Полёт над восточной половиной Сильвандира показал ужасную картину. Многочисленные деревни и малые городки выглядели так, словно шла война. Дома и крестьянские хозяйства горели, по проселочным дорогам шли разрозненные кучки беженцев, на большой же дороге они сливались в сплошной поток. По обе стороны от колонн беженцев носились лёгкие всадники в мундирах королевской гвардии. То и дело ломались экипажи, их оттаскивали на обочины, чтобы не мешать движению, но заторы были неизбежны. Сверху был слышен многоголосый шум, крики, ржание лошадей, грохот сталкивающихся телег. Многие шли пешком, только с узлами за спиной. Многие вели с собой животных — коров, овец, коз. Бегали вокруг и истошно лаяли собаки — Лён догадался, что их с собой не взяли, и животные бежали следом за хозяевами, не понимая, отчего их бросили.
Он взял направление на юг — туда, откуда наступала зона наваждения.

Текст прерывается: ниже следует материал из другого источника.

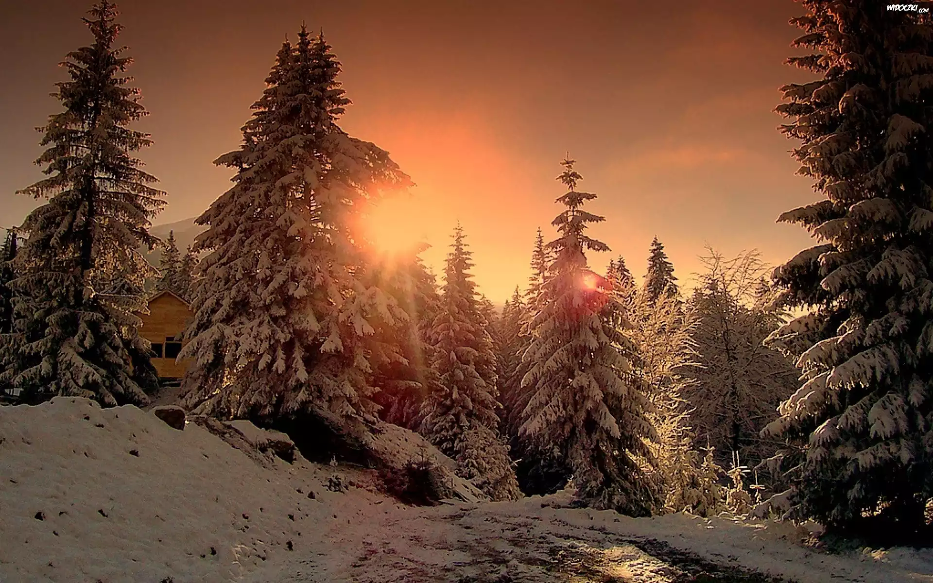 Zdjęcia, Lasy, Choinki, Zachody, Słońca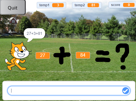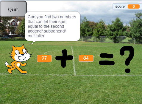 Example: I choose to play addition. It shows me that I need to think up two numbers that can make their sum equal to 84. After thinking, I want to use 3 and 81, because 3+81 = 84, this is an integer which will make the formula become one easier integer plus another smaller number. Then the formula is transformed from (27+84) to (27+3+81). Then I got the answer 111. Although it becomes a two-step calculation, it becomes easier to get the answer.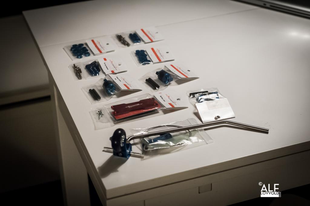 Her er forøvrig noen av de siste bling-tingene som dukket opp i posten på Lørdag, Spoton og Secraft stasj. Kjørte på med en ny halehjuls-løsning da jeg synes den som kom med Pilot-kittet ser rimelig pinglete ut kontra 40% størrelsen - ser mer ut som noe som kunne passet på en maks 33%.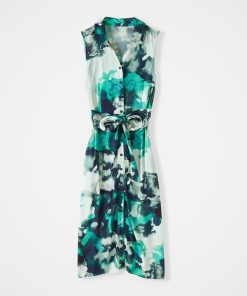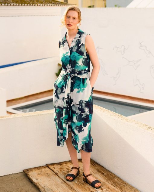 A sleeveless midi dress featuring a collared V-neckline and a self-tie belt for a personalised fit. The gently flared skirt offers a flattering shape, making it a versatile piece ideal for a casual or polished look.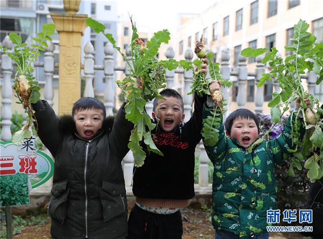 2月25日,在貴州省銅仁市玉屏侗族自治縣平溪街道第二幼兒園,孩子們在開學(xué)主題活動(dòng)上展示自己拔的蘿卜。新華社發(fā)(胡攀學(xué) 攝)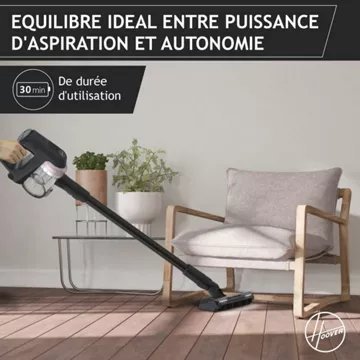 - Détail sur la puissance d’aspiration: : Elle peut varier en fonction du type de sols (parquet, carrelage, tapis, moquette) que vous aspirez et du mode utilisé (standard, éco, boost)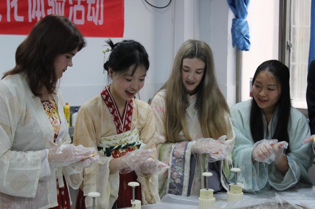 为弘扬中华优秀传统文化,增进我校留员工对中秋习俗的了解,9 月 29 日下午,食药英国上市公司官网365联合世界语博物馆在实验楼117 室联合举办 “月满中秋,情满枣院” 中秋文化体验活动。英国上市公司官网365师生与10 名来自俄罗斯、塔吉克斯坦等国的国际员工代表共同参与,在学穿汉服、做月饼的过程中沉浸式感受中秋 “团圆味”。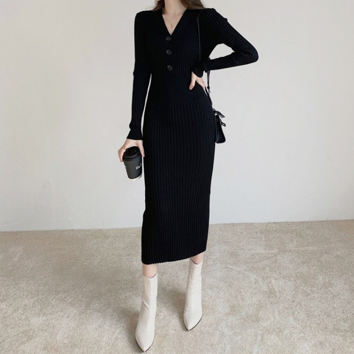 타니즈 헤이넌 버튼 롱 골지 니트 원피스

На отдельно стоящем хуторе было какое-то движение. Огороженный постройками двор, амбар и просторный, но пустующий выгул для скота. Небольшое, но хорошее хозяйство. Сверху видно как выносят и грузят на телеги узлы, ящики. Всё, конечно, вывезти не удастся — всего-то две лошади запряжены в подводы. Но позади хутора стоят в ряд ещё несколько лошадей, и чепраки у них, как рассмотрел сверху зоркий дивоярец, цветов королевской гвардии.
Солдаты заставляют крестьян покидать своё хозяйство, а сами те ни за что не тронутся с места, будут упорствовать и надеяться, что их забудут. Почти везде так. Наверно, ни одно переселение не происходит без таких драм. Плачут дети, доносятся мужские голоса. Делать здесь было дивоярцу нечего — он не может помочь этим людям. Разве время сгладит этот шок. И тут он увидел, в чем причина крика.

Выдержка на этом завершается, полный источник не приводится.